Back pain is not normal. It indicates that he has an injury or some other problem (bladder infection, kidney infection). Did the vet see anything on the radiographs? If your vet cannot help you past saying it is normal, I would seek a second opinion and get to the bottom of it. In the mean time, no running, jumping, stairs, etc.


----------



## frebay (Aug 25, 2008)

if he is going pee and poop normally can he still have a bladder or kidney infection? after the vet looked at the radiographs, he said all his organs look fine and everything is normal.

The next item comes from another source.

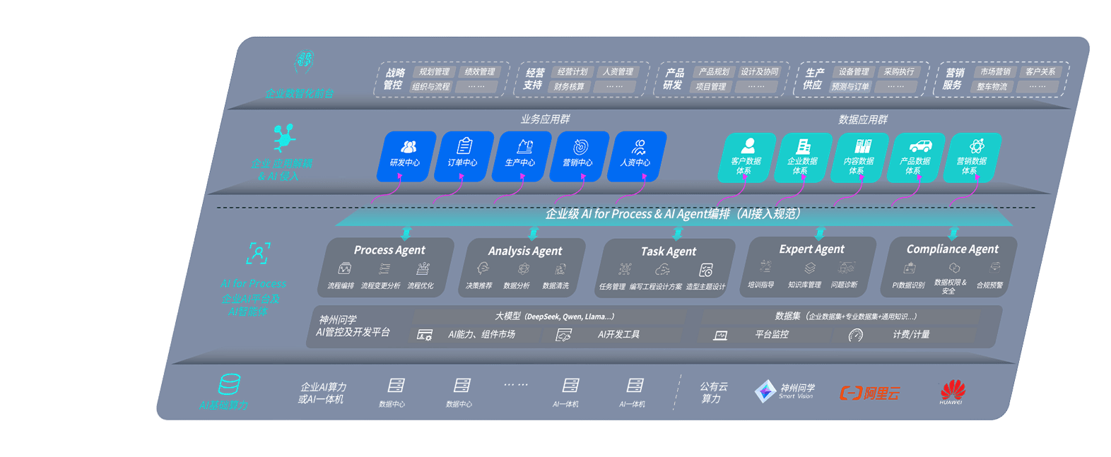 智博1919问学智车解决方案是一套基于AI技术的汽车行业智能化系统,,,,覆盖从底层算力到顶层AI应用的全栈方案。。。方案由算力层、、模型层和应用层组成:算力层,,,,方案支持多种一体机配置,,,具备云端灵活部署、、、、多云适配以及动态优化计算资源的能力;模型层,,,,智博1919问学平台版提供了企业级AI应用一站式构建与管理平台,,支持基于后训练强化技术的汽车企业专属模型的训练、、、评测和运营;应用层,,,智博1919问学DeepSeek版提供包括超级员工、、、智能招采、、、、智能营销、、智能客服、、、AI for BI等一系列解决方案,,,,可助力汽车行业实现数字化转型,,,让管理更智能、、、、响应更敏捷。。。
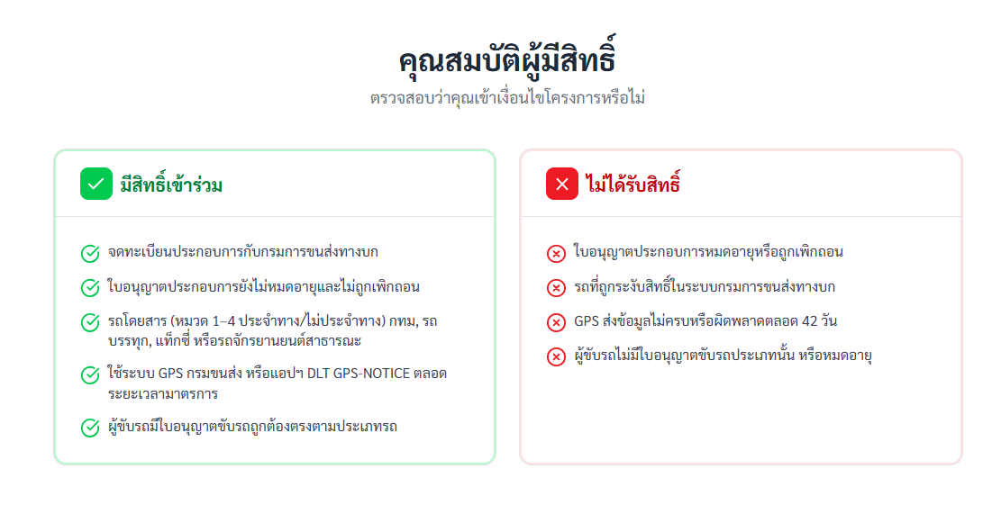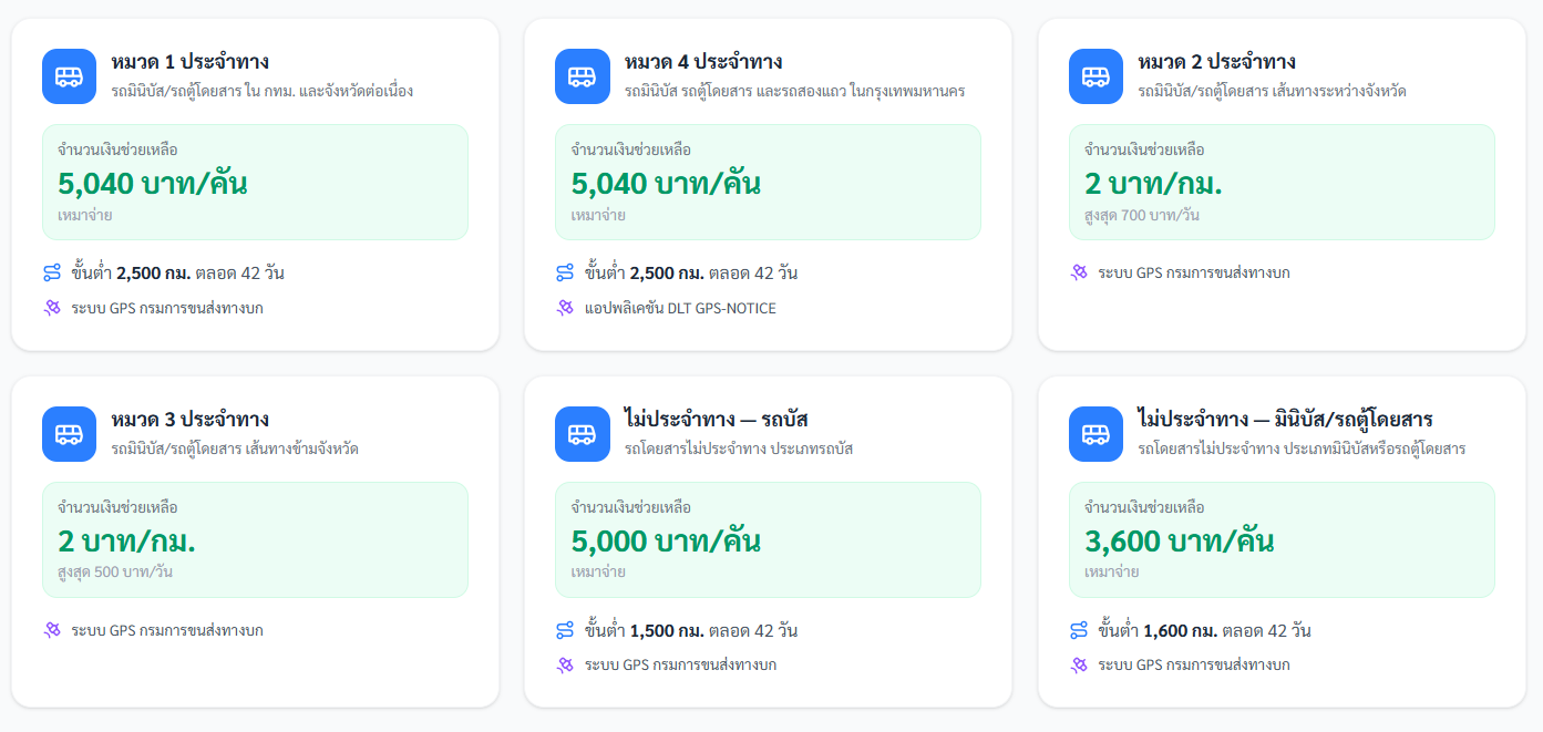 สรุปคุณสมบัติผู้มีสิทธิ์ได้รับเงินช่วยเหลือตามประเภทรถ

QUOTE (JMM @ Aug 25 2008, 11:55 AM) index.php?act=findpost&pid=624655


> Back pain is not normal. It indicates that he has an injury or some other problem (bladder infection, kidney infection). Did the vet see anything on the radiographs? If your vet cannot help you past saying it is normal, I would seek a second opinion and get to the bottom of it. In the mean time, no running, jumping, stairs, etc.[/B]


----------



## jmm (Nov 23, 2004)

Normal x-rays do not rule out referred back pain (ie your belly hurts from a kidney infection and it appears like you have back pain) or soft tissue injuries/disc injuries in the back.


----------



## paris (Apr 8, 2005)

QUOTE (frebay @ Aug 25 2008, 01:16 PM) index.php?act=findpost&pid=624635


> and he showed no pain at the vet.[/B]


Just because he didn't show pain doesn't mean anything. My vet said that most animals will NOT display pain while in his office. The animals tend to mask their pain. This is why he is a firm believer that "the owners know best".


----------



## frebay (Aug 25, 2008)

i just followed up w/ the vet again, he looked over the xrays and said kidneys and bladder were fine, and keep him on the pregnisone for a couple more days. if it doesn't go away, i will get a second opinion.


----------



## Maidto2Maltese (Oct 19, 2004)

Personally, I would seek a second opinion sooner rather than later. For a vet to say back pain is 'NORMAL!" seems outrageous to me .


----------



## njdrake (Apr 23, 2007)

Back pain is NOT normal. I'd go to another vet. I just had a back problem with Zoey a few weeks ago and she's fine now. The vet did x-rays and she had inflammation around two of her discs. The vet put her on a low dose of prednisone and said to keep her as quite as I could for a couple of weeks and take her back to be checked. She said I caught it really fast before it got very bad. It didn't even take the whole two weeks and she was fine. I hope this is the same for you but you need to get to a vet that will take this more seriously. That is just not normal and you need to find the cause. Keep us posted.


----------



## jodublin (Sep 27, 2006)

poor baby ,its sad to see his in pain :sLo_grouphug3:


----------



## Ladysmom (Oct 19, 2004)

As someone who suffered with back pain most of my life until I finally had surgery over ten years ago, I can tell you that xrays alone don't tell you much. Soft tissue damage, disc problems, etc. do not show up on an xray.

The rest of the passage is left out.